Some of the featured singers on their seven albums include Diamond Rio, John Cowan, David Archuleta, Billy Dean, Alex Boye', Nathan Pacheco, Katherine Nelson, David Osmond, & Mindy Gledhill.

==Brazil==
In 1999 Deere produced BMG's Brazilian Recording artist Wanessa Camargo’s self-titled debut album. The success of this album led to Deere producing six consecutive albums on Camargo. Deere also wrote many of her hits over the years including O Amor Não Deixa, Tanta Saudade, Gostar de Mim, Um Dia...Meu Primeiro Amor, and Sem Querer. Deere had more than 50 songs recorded in the Brazilian market and 9 hit singles with Camargo, Leonardo and Luiza Possi.

Educator
In 2021 and 2022 Deere was contracted by Southern Virginia University to write curriculum for and to expand their Music Industry Concentration. Deere taught the new curriculum for the 2021 school year as a professor.

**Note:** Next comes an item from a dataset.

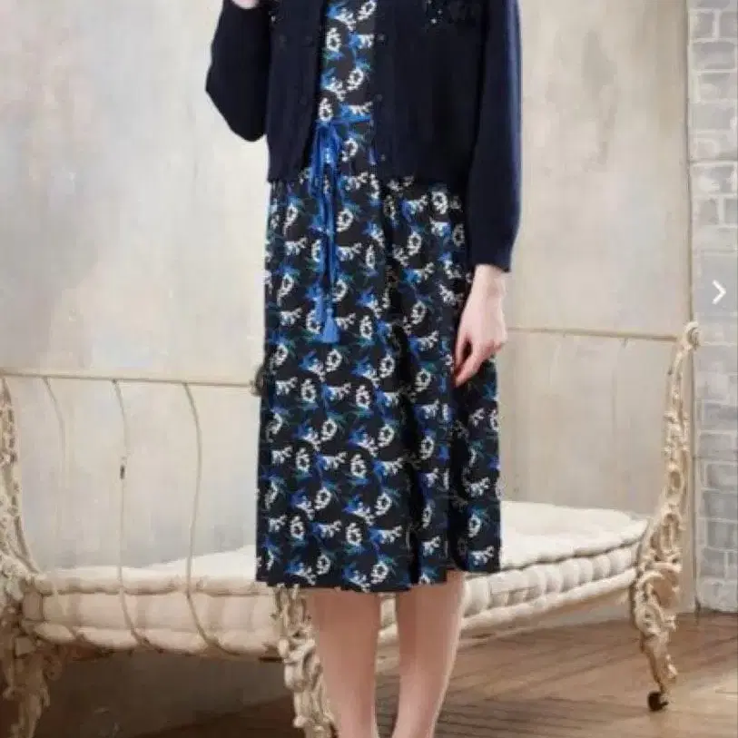 2025AW 슈퍼 뷰티 블루 계열 꽃무늬 프린트 원피스 44

Publisher and Music Executive
Deere opened Glass Box Music Group in 2003. Deere's first signing's were Matt Lopez and Brad Hull of the band Due West and Oklahoma native Luke Dick. Deere sold the company in 2007 to Texas businessman Steve Caperton.
Deere remains the President of the non-profit 501(c)(3) the Nashville Tribute Band, Inc.